# TASK TO CARRY OUT
An exact repeat is needed of the lines from the one with "일상생활에서 중요한 것은" through the last line of the data below. Please omit the pictures.

# MATERIAL PROVIDED

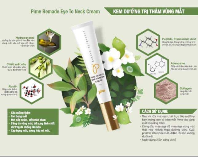 KEM XÓA NHĂN MASSAGE MẮT PIME REMADE 20ML EYE TO NECK CREAM KEM XÓA NHĂN VÙNG MẮT PIME REMADE 20ML ngoài việc cải thiện và ngăn ngừa các nếp nhăn, còn có công dụng giúp tái
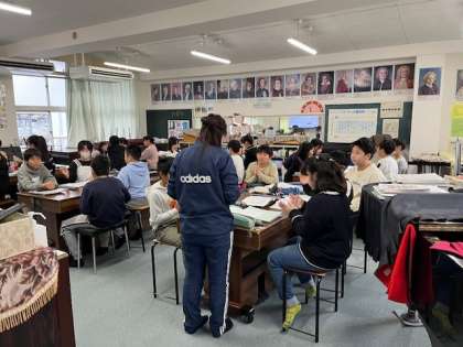 2月3日(月)1時間目、5年2組は音楽で手拍子でリズム打ちをしていました。
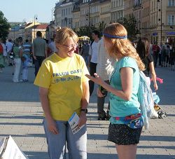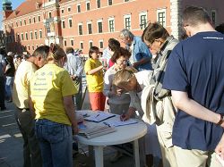 二零零八年七•二零,波兰法轮功学员,有的去华人露天销售大市场与中餐馆广发真相资料;有的去中使馆门前静坐,抗议九年迫害;有的去公园集体炼功;有的来到华沙市老城区,支起展板,广发波兰语《九评共产党》,向过往行人讲述中共邪党九年来对法轮功的迫害。
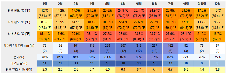 일상생활에서 중요한 것은 강우량 만큼이나 강우횟수와 습도가 중요하다. 비가 얼마나 자주 오는지가 야외활동이나 빨래!! 할 수 있는 시간을 결정하기 때문이다. 표를 보면 6-9월 일평균 일조시간이 6-7시간이다. (우리나라는 연평균 6.4시간 https://www.mal-eum.com/sun) 나머지 날은 2-3시간인데 산악지형이어서 해가 짧거나 강우일수가 많아서 구름 때문으로 보인다. 짧게 있어 본 바로는 두가지 모두 해당될 듯 하다. 습도가 70-88%이다. 이 둘을 종합하면 야외활동할 때 매우 습해서 땀이 많이 나고 짜증도 많이 나면서, 빨래가 잘 마르지 않을 듯 하다. 한국인 기준으로 단기 여행은 덥지 않고, 습하지만 그늘에서는 더위를 피할 수 있어 쾌적할 수 있으나, 장기체류는 일상생활과 빨래 등의 문제로 상당히 스트레스 받을 수 있겠다.
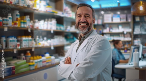 A smiling mature male pharmacist stands in a pharmacy. An artificial intelligence generated image.

# RESPONSE TO THE EXERCISE
 일상생활에서 중요한 것은 강우량 만큼이나 강우횟수와 습도가 중요하다. 비가 얼마나 자주 오는지가 야외활동이나 빨래!! 할 수 있는 시간을 결정하기 때문이다. 표를 보면 6-9월 일평균 일조시간이 6-7시간이다. (우리나라는 연평균 6.4시간 https://www.mal-eum.com/sun) 나머지 날은 2-3시간인데 산악지형이어서 해가 짧거나 강우일수가 많아서 구름 때문으로 보인다. 짧게 있어 본 바로는 두가지 모두 해당될 듯 하다. 습도가 70-88%이다. 이 둘을 종합하면 야외활동할 때 매우 습해서 땀이 많이 나고 짜증도 많이 나면서, 빨래가 잘 마르지 않을 듯 하다. 한국인 기준으로 단기 여행은 덥지 않고, 습하지만 그늘에서는 더위를 피할 수 있어 쾌적할 수 있으나, 장기체류는 일상생활과 빨래 등의 문제로 상당히 스트레스 받을 수 있겠다.
 A smiling mature male pharmacist stands in a pharmacy. An artificial intelligence generated image.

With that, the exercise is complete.